I've been working on a new .NET RAT to both escape security product detection and explore some .NET concepts I've been meaning to check out, in support of engagements. Meterpreter is too well-known/signatured to work during an engagement, in the presence of an advanced capability (like Crowdstrike). Combining advanced capabilities with AMSI has pretty much ruined PowerShell as a reliable and stealthy vector. The move to .NET was the rage over the last couple years (and well before), resulting in (and probably better described by) things like SpecterOps' SharpSploit and HarmJ0y's GhostPack.

These tools provide most of the functionality I would like in a RAT and they are familiar, so my goal became figuring out how I could remotely load and execute these capabilities.

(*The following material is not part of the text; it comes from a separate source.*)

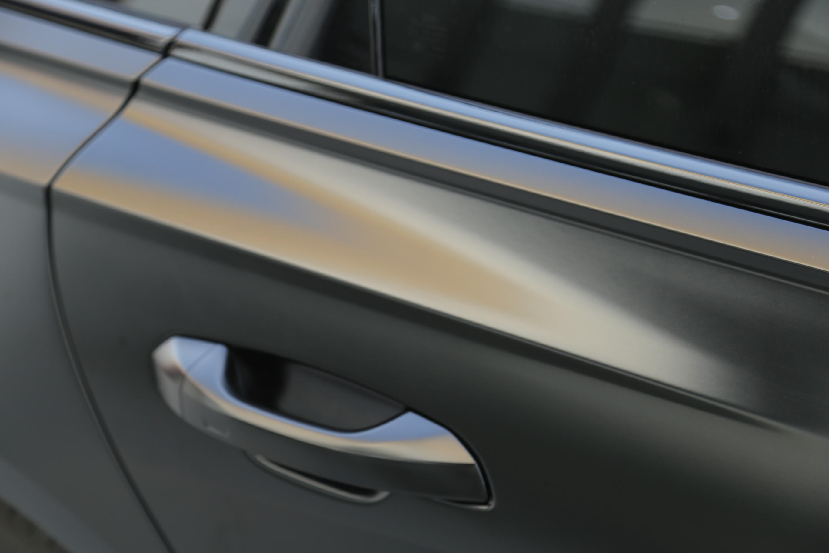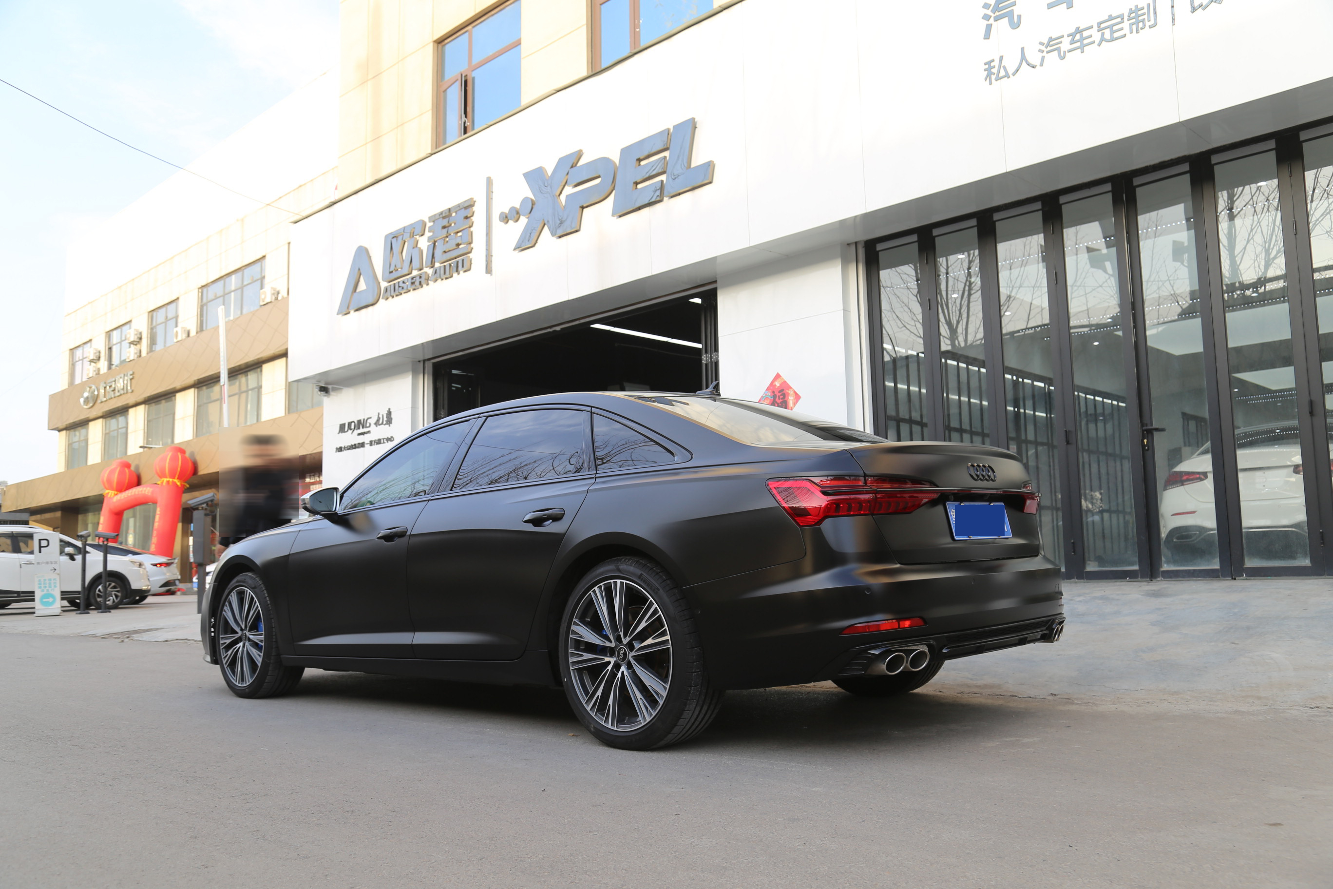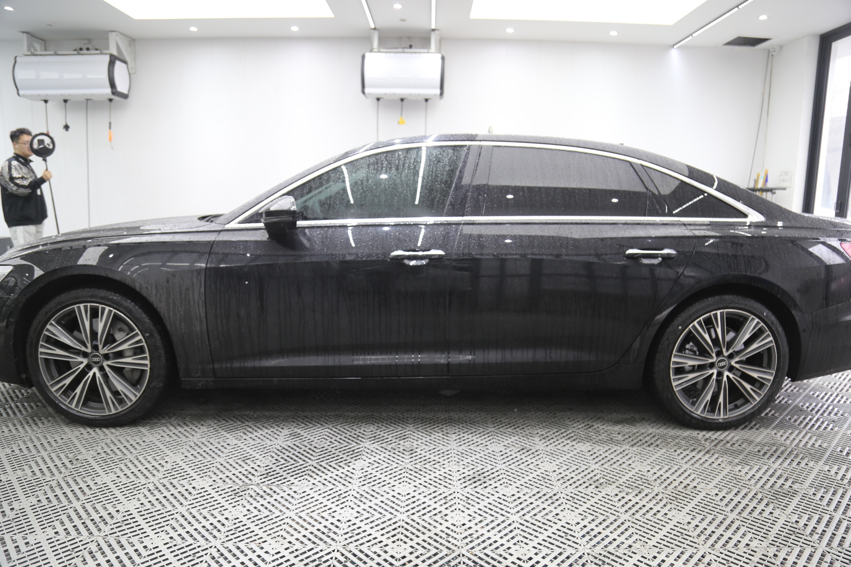 接车检查我们会详细记录车身各部位状态并和客户确认,避免引起误会。这台车也是走的黑武士风格,原车是黑色,再贴个更有质感的陶瓷黑改色膜,全车镀铬条也要贴成黑色,让整体更加统一。前杠升级一套RS6的前杠,运动风更强烈,当然也少不了奥迪的标志性银耳后视镜。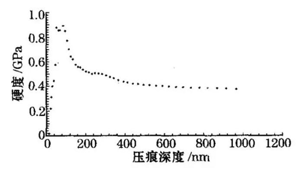 通過對不同載荷下的納米硬度測量值進行比較發現,單晶鋁的納米硬度值并不是恒定的, 而是在一定范圍內隨著載荷(壓頭位移)的降低而逐漸增大,也就是存在壓痕尺寸效應現象。

Well... my goal was really hijacked by a couple of things, as I wantonly developed, that I wanted to understand and try:

  • How do I .NET Reflection? (load and execute the goods)
  • Is there anything I can do to hide my activity from security products? (short-term hide the goods)
  • Can I/How do I unload modules when not in use? (long-term protect the goods)
  • How do I generalize these capabilities so I can load and call any method from any .NET DLL? (make it a tool)

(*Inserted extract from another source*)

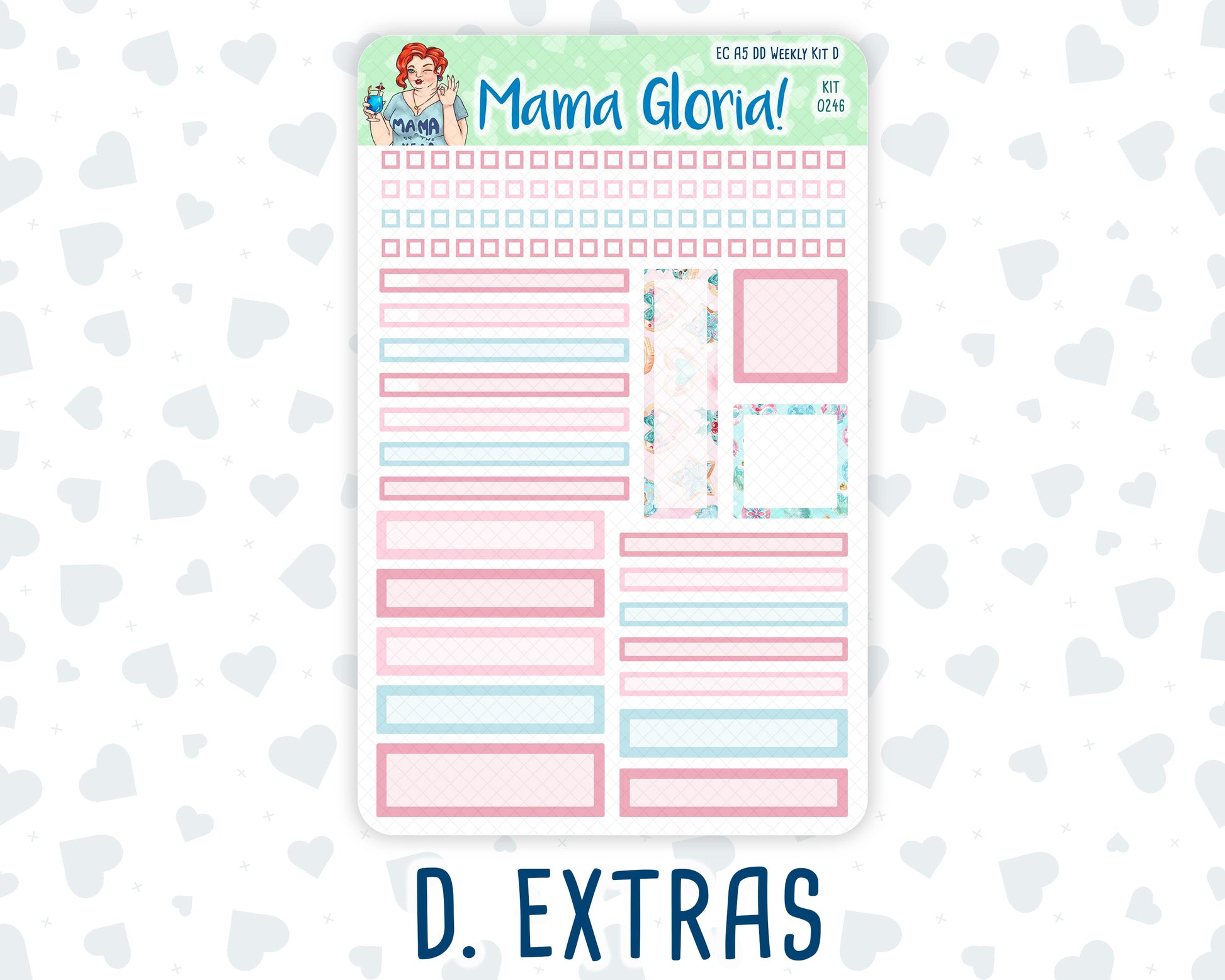 You can find additional stickers that complement this kit in the "Add Ons" category or by entering the kit's name or number in the store's search bar. Please note, WEEK AT A GLANCE and WEEKLY OVERVIEW sticker sheets are not included in the "Full Kit" option.

.NET Reflection is well understood and documented. Loading additional .NET Assemblies from a file or byte-array and calling the methods within is easy.

Unloading .NET Assemblies after you're done with them? That's a bit more tricky. In general, once a DLL is loaded, it cannot be unloaded without destroying the current application... or what .NET knows as an AppDomain. Fortunately for us, we can create more AppDomains within our main AppDomain, which we can load Assemblies into, execute methods from said Assemblies, and then promptly unload the AppDomain and all Assemblies loaded in it. Unfortunately for us, doing this creates a whole track and field of Type hurdles and Serialization hoops that we must contort around. AppDomains bless us with many things: isolation, obscurity, the ability to unload, and paperclip-string solutions that I probably need to re-think. Oh, and did I mention my target was .NET 3.5/3.0?

What I'm doing here isn't too dissimilar from Luke Jennings' Countercept post on a Gargoyle-like solution for memory scanning evasion in .NET. Jennings' article makes for a good read and provides several detection strategies. I really haven't contributed anything more advanced or made progress on beating these detections (add it to the TODO's), but this is where I'm entering the loop.